*** Provided material ***

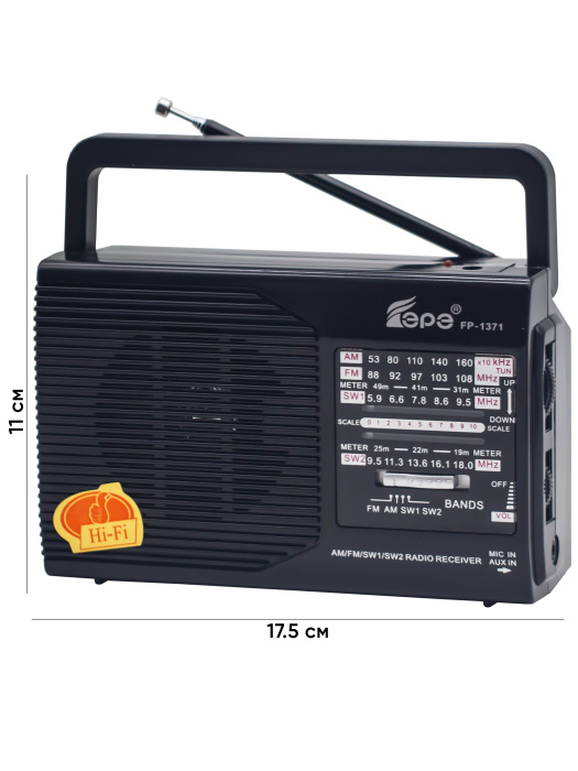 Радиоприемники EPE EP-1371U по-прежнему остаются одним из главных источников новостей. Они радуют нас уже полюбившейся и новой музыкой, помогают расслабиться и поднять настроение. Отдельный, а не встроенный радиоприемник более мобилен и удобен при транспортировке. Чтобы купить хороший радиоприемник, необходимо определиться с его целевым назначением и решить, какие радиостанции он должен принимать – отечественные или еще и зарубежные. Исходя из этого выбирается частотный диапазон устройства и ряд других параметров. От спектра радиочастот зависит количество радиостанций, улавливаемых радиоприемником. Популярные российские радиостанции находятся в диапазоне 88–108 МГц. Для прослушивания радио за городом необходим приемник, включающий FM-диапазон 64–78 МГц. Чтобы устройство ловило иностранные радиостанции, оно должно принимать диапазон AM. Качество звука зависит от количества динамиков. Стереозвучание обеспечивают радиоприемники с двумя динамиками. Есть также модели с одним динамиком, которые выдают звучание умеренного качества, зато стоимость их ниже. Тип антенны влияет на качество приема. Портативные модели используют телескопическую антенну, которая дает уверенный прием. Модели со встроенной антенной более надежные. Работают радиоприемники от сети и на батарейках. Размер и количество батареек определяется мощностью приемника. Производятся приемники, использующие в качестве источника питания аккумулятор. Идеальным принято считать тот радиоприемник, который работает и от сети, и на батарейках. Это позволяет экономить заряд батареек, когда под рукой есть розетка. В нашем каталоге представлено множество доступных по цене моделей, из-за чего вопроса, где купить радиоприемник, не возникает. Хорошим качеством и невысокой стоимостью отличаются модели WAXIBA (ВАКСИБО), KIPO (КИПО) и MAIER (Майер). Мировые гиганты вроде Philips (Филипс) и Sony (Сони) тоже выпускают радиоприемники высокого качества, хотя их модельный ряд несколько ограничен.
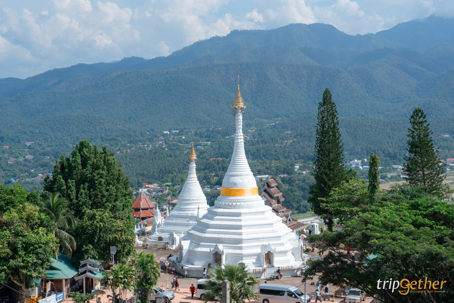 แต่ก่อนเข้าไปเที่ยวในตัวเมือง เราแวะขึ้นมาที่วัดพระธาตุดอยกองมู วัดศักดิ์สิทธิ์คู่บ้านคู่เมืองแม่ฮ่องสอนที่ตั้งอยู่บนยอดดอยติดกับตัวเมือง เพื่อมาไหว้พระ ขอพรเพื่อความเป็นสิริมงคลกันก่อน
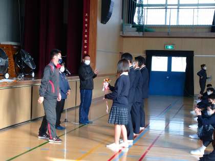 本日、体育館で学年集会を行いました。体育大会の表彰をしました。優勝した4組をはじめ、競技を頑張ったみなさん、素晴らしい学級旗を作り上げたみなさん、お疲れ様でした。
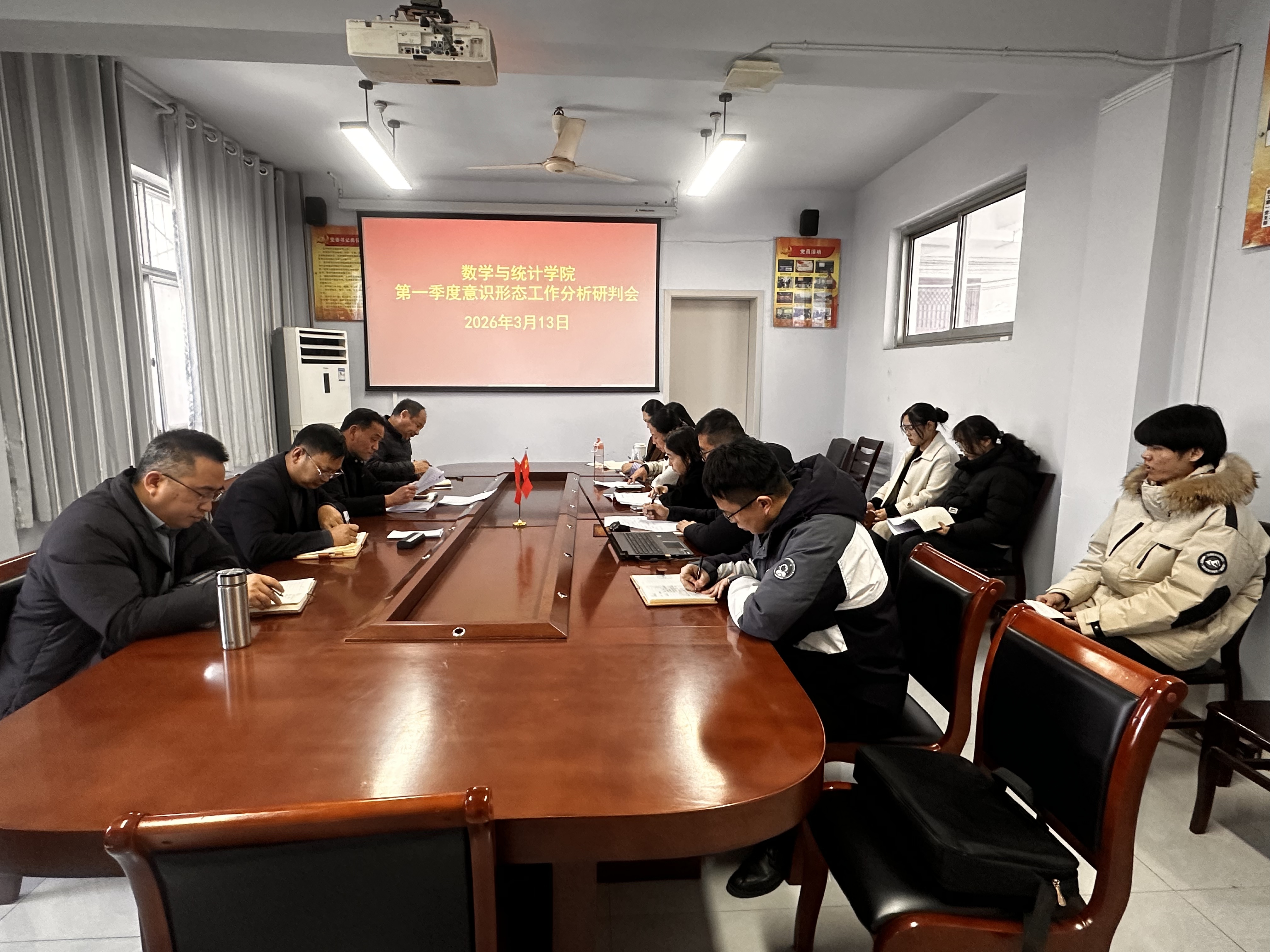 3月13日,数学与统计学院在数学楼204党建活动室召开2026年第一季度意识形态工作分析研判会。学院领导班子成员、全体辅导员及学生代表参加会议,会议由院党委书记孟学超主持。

*** End of Provided material ***

◆ What you are asked to do ◆
Starting with the line that contains "本日、体育館で学年集会を行い", reproduce every line to the end of the material above, both end lines included, exactly and with no pictures.

◆ Finished task ◆
 本日、体育館で学年集会を行いました。体育大会の表彰をしました。優勝した4組をはじめ、競技を頑張ったみなさん、素晴らしい学級旗を作り上げたみなさん、お疲れ様でした。
 3月13日,数学与统计学院在数学楼204党建活动室召开2026年第一季度意识形态工作分析研判会。学院领导班子成员、全体辅导员及学生代表参加会议,会议由院党委书记孟学超主持。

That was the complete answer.